Goal of the exercise:
With pictures excluded, copy word for word the lines in the data below from the line containing "冰丝内裤男士透气轻薄款四角裤夏季速干性感大码透气印花龙平角裤" through the line containing "1 Kamar 2 Orang: $".

○ ○ ○

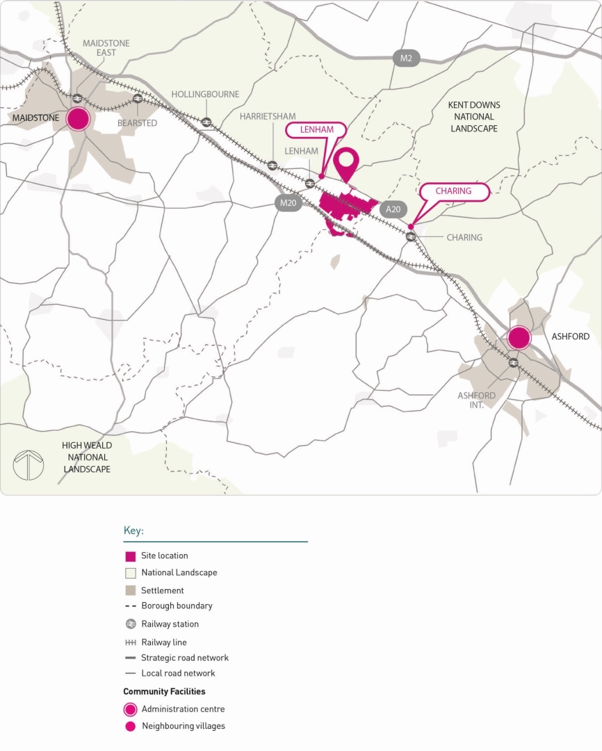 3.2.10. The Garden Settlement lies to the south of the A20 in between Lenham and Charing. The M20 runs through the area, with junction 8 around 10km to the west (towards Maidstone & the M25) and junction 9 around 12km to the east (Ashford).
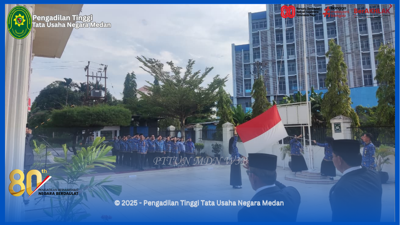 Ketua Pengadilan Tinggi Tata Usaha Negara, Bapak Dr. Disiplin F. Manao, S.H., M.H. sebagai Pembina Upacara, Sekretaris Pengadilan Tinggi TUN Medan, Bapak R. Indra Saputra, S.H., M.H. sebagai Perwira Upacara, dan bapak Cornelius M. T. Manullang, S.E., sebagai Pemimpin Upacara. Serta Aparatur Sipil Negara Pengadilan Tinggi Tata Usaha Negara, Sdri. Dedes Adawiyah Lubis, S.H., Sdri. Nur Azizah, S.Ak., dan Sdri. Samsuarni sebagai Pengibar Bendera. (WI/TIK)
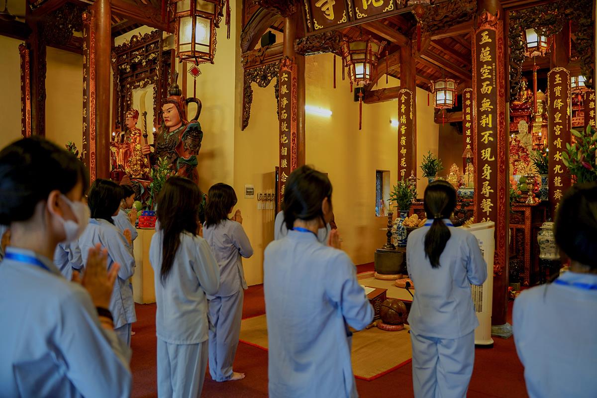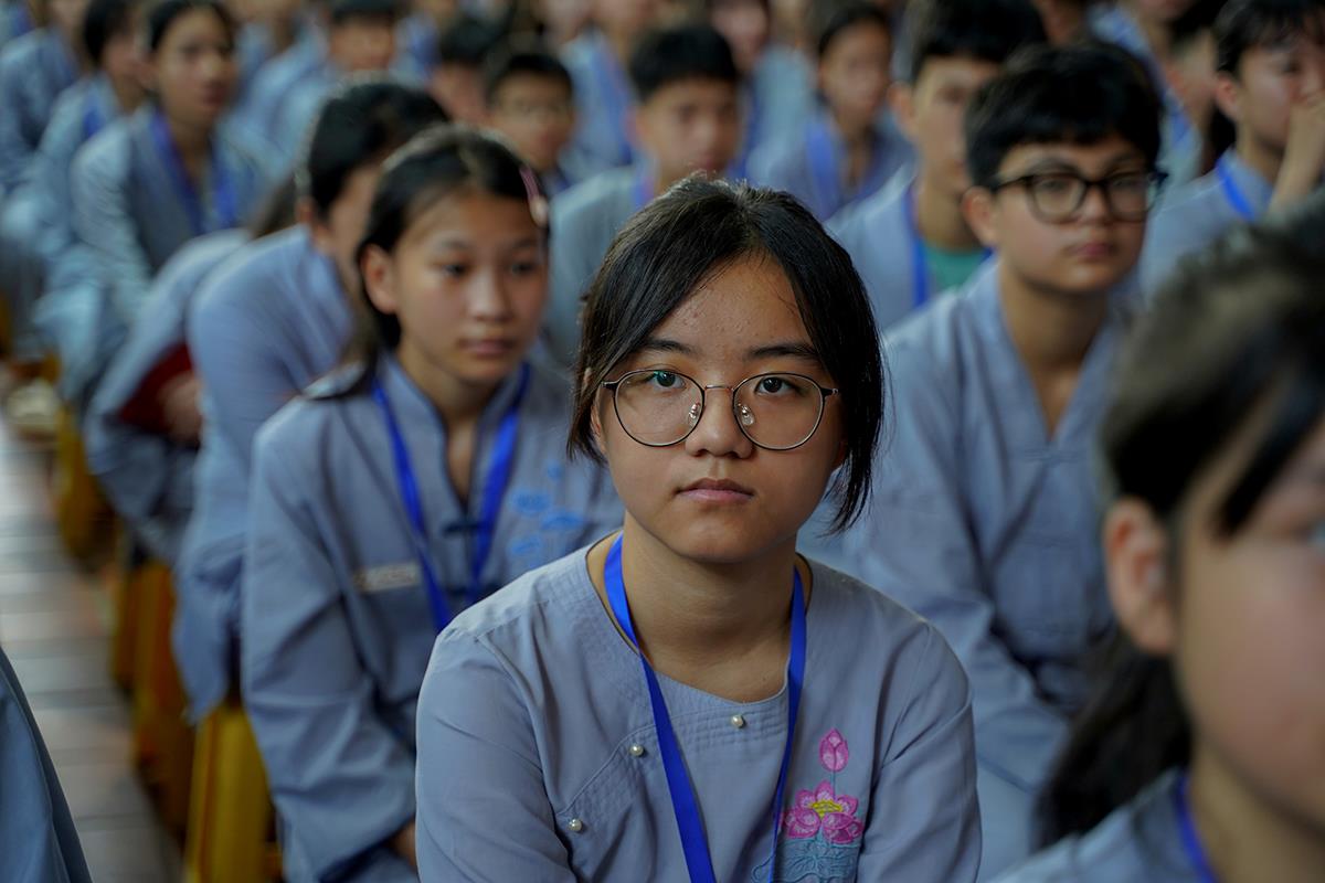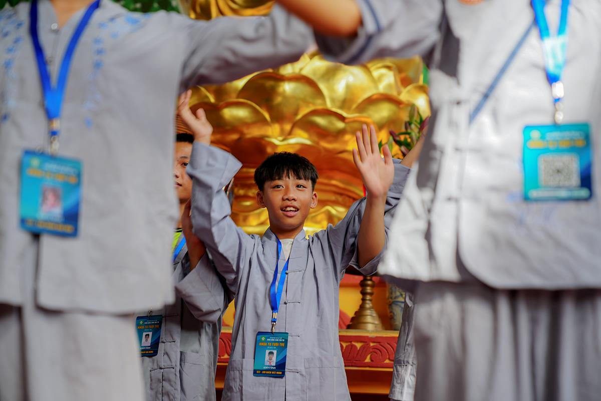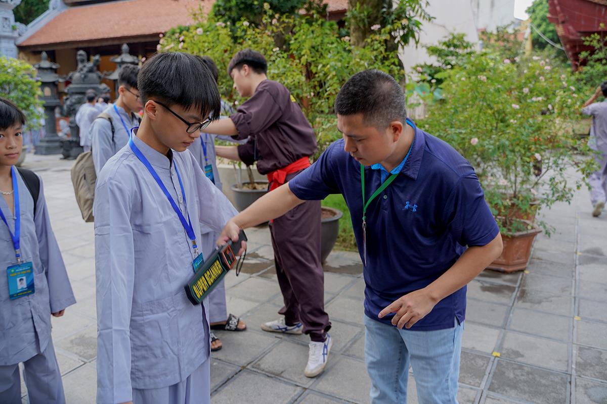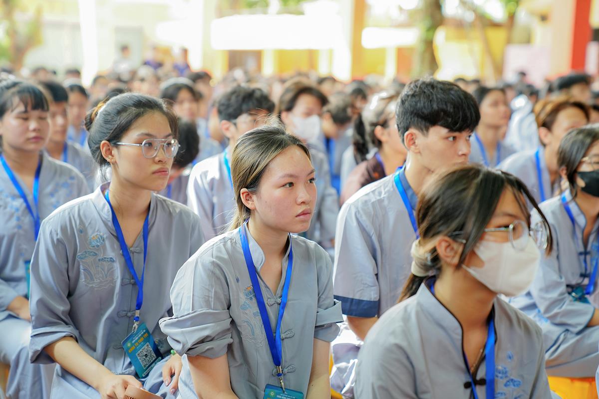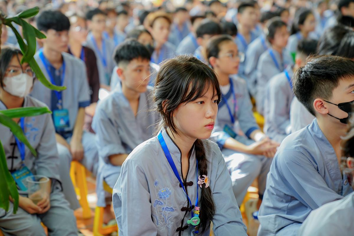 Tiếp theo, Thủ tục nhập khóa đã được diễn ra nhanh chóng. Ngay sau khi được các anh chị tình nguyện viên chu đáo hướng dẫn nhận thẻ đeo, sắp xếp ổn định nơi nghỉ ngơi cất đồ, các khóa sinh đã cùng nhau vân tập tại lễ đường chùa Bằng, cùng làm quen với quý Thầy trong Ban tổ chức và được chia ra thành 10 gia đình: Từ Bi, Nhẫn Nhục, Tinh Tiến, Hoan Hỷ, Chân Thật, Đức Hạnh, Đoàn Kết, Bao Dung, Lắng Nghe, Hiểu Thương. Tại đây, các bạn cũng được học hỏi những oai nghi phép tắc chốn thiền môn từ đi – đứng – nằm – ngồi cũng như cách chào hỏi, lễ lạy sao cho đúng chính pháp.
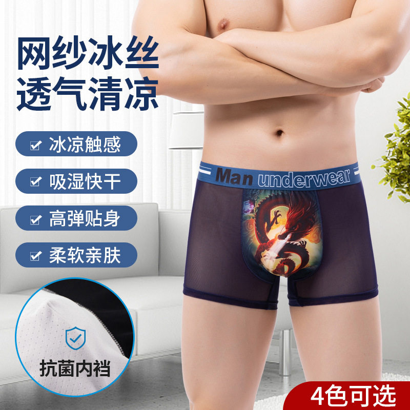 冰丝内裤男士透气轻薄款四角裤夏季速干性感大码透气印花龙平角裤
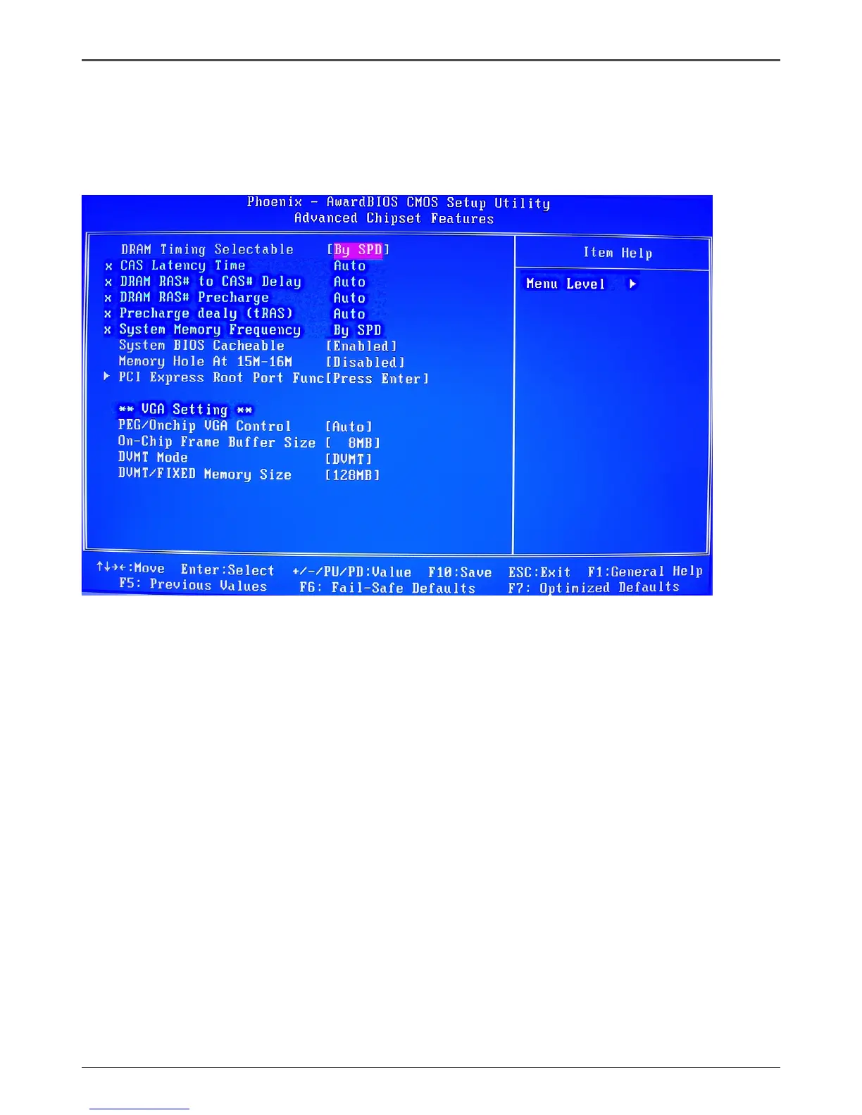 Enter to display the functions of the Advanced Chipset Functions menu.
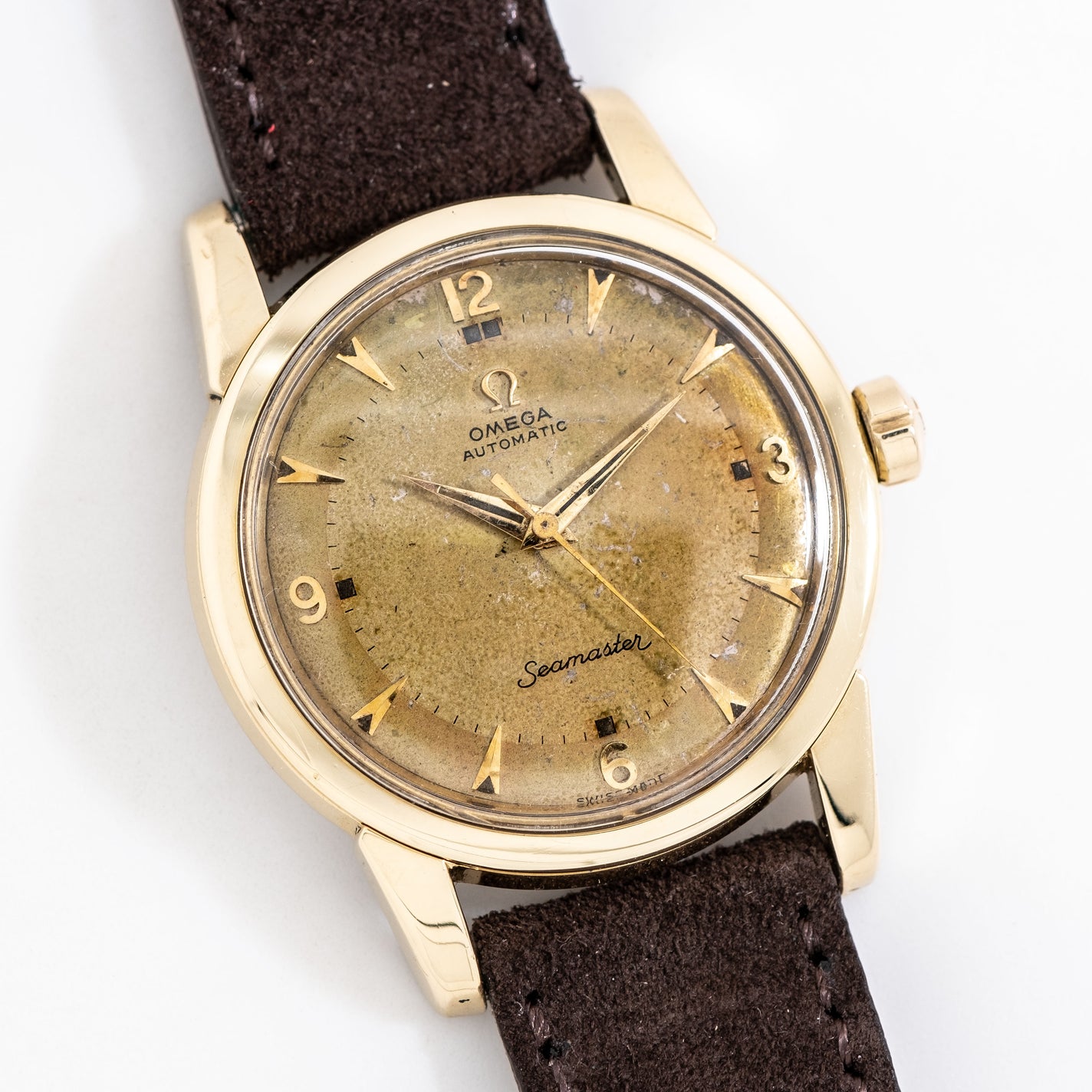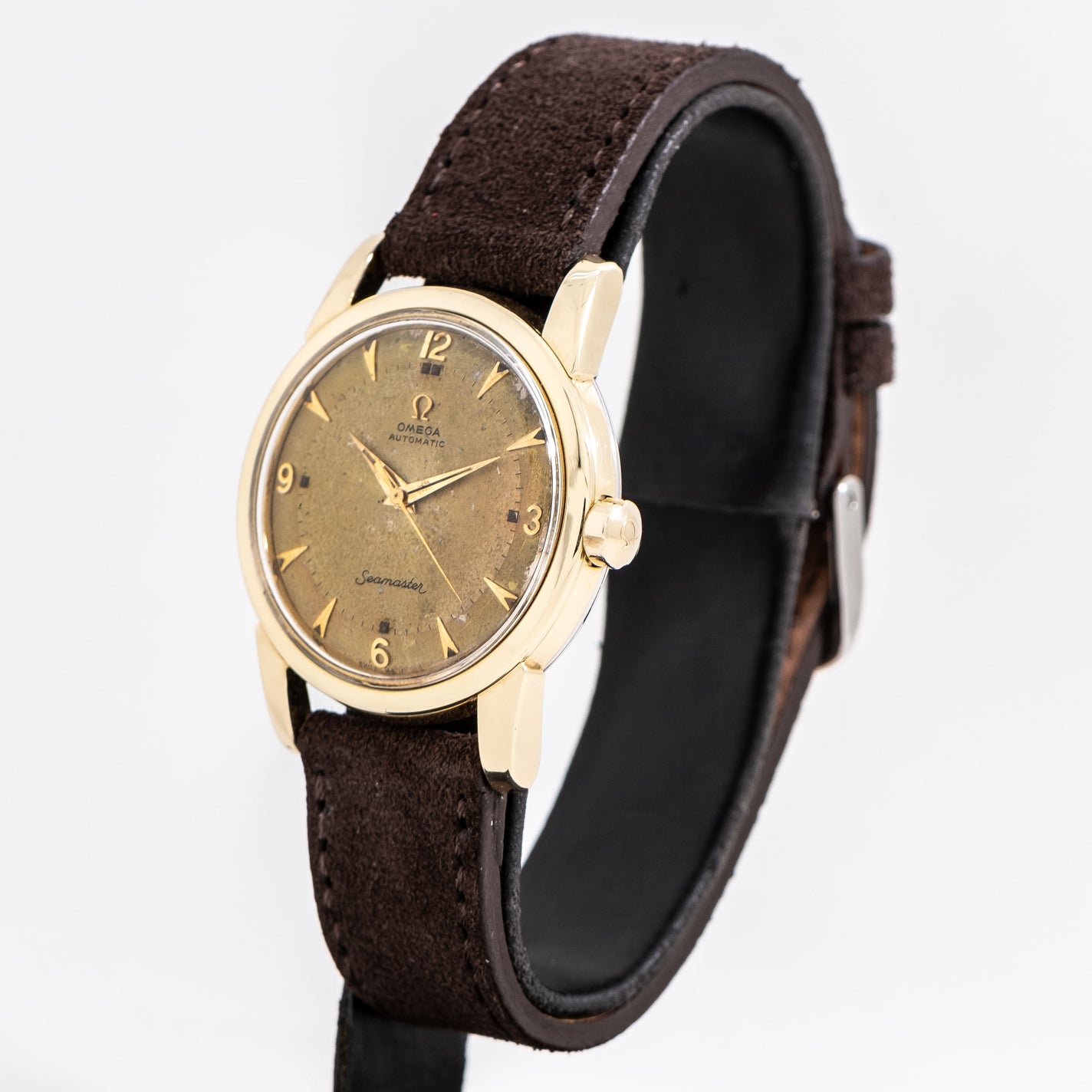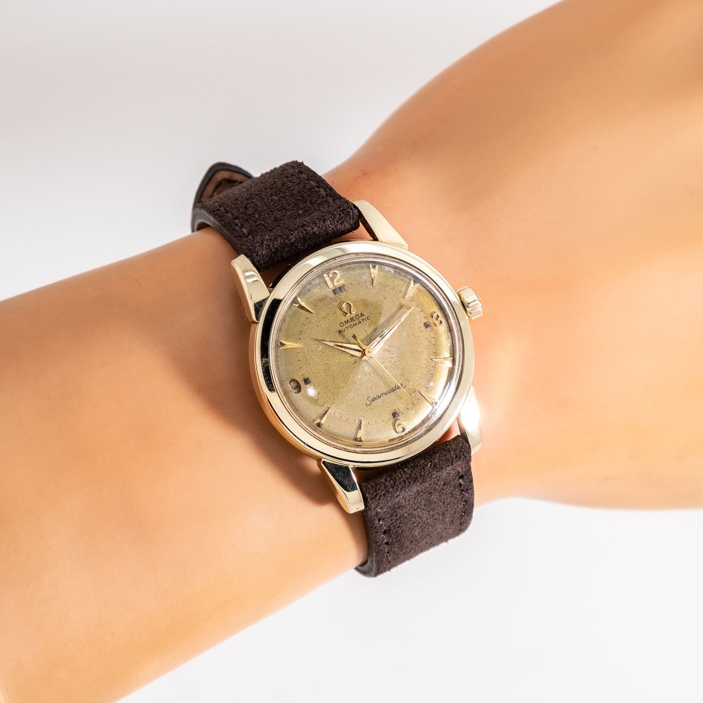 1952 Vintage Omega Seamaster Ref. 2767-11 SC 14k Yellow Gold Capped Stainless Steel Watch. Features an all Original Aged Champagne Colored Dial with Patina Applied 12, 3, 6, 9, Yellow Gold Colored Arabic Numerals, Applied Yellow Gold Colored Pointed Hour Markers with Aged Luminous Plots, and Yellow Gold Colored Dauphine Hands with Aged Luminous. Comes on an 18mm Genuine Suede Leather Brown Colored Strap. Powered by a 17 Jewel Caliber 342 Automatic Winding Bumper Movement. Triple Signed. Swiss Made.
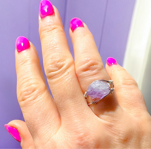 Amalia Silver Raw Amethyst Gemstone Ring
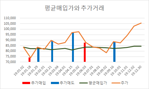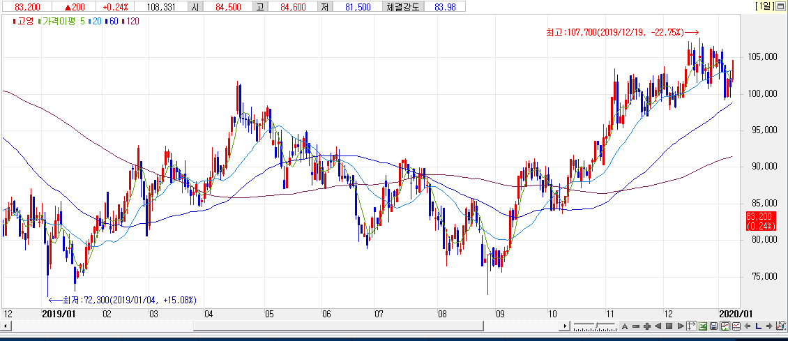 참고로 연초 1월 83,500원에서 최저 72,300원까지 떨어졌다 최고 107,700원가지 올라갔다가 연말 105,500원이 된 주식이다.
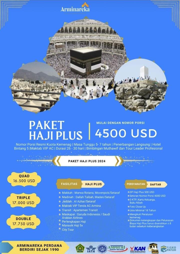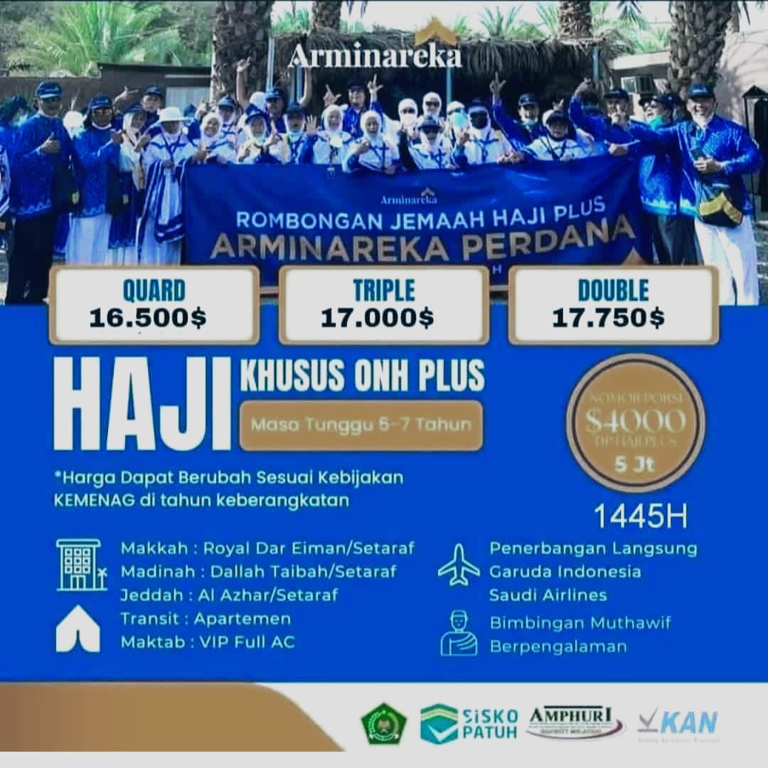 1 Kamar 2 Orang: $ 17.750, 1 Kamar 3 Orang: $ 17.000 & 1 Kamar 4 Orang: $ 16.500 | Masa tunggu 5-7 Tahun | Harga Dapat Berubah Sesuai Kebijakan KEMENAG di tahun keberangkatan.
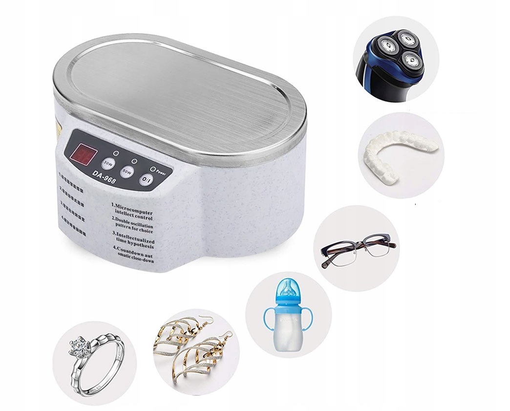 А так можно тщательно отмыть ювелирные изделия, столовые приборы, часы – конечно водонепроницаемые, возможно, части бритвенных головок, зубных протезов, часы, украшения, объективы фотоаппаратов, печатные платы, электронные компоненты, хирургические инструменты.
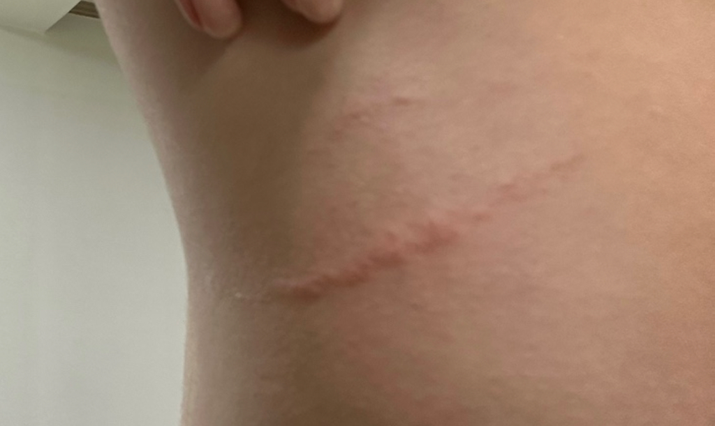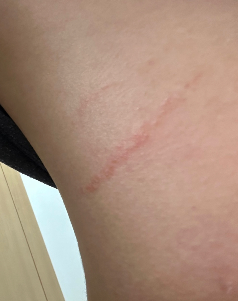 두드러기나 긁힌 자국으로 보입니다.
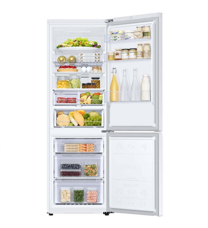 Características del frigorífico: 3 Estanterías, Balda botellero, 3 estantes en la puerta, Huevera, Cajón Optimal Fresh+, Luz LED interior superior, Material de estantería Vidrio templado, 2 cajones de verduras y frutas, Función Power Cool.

○ ○ ○

Problem solution:
 冰丝内裤男士透气轻薄款四角裤夏季速干性感大码透气印花龙平角裤
 Enter to display the functions of the Advanced Chipset Functions menu.
 1952 Vintage Omega Seamaster Ref. 2767-11 SC 14k Yellow Gold Capped Stainless Steel Watch. Features an all Original Aged Champagne Colored Dial with Patina Applied 12, 3, 6, 9, Yellow Gold Colored Arabic Numerals, Applied Yellow Gold Colored Pointed Hour Markers with Aged Luminous Plots, and Yellow Gold Colored Dauphine Hands with Aged Luminous. Comes on an 18mm Genuine Suede Leather Brown Colored Strap. Powered by a 17 Jewel Caliber 342 Automatic Winding Bumper Movement. Triple Signed. Swiss Made.
 Amalia Silver Raw Amethyst Gemstone Ring
 참고로 연초 1월 83,500원에서 최저 72,300원까지 떨어졌다 최고 107,700원가지 올라갔다가 연말 105,500원이 된 주식이다.
 1 Kamar 2 Orang: $ 17.750, 1 Kamar 3 Orang: $ 17.000 & 1 Kamar 4 Orang: $ 16.500 | Masa tunggu 5-7 Tahun | Harga Dapat Berubah Sesuai Kebijakan KEMENAG di tahun keberangkatan.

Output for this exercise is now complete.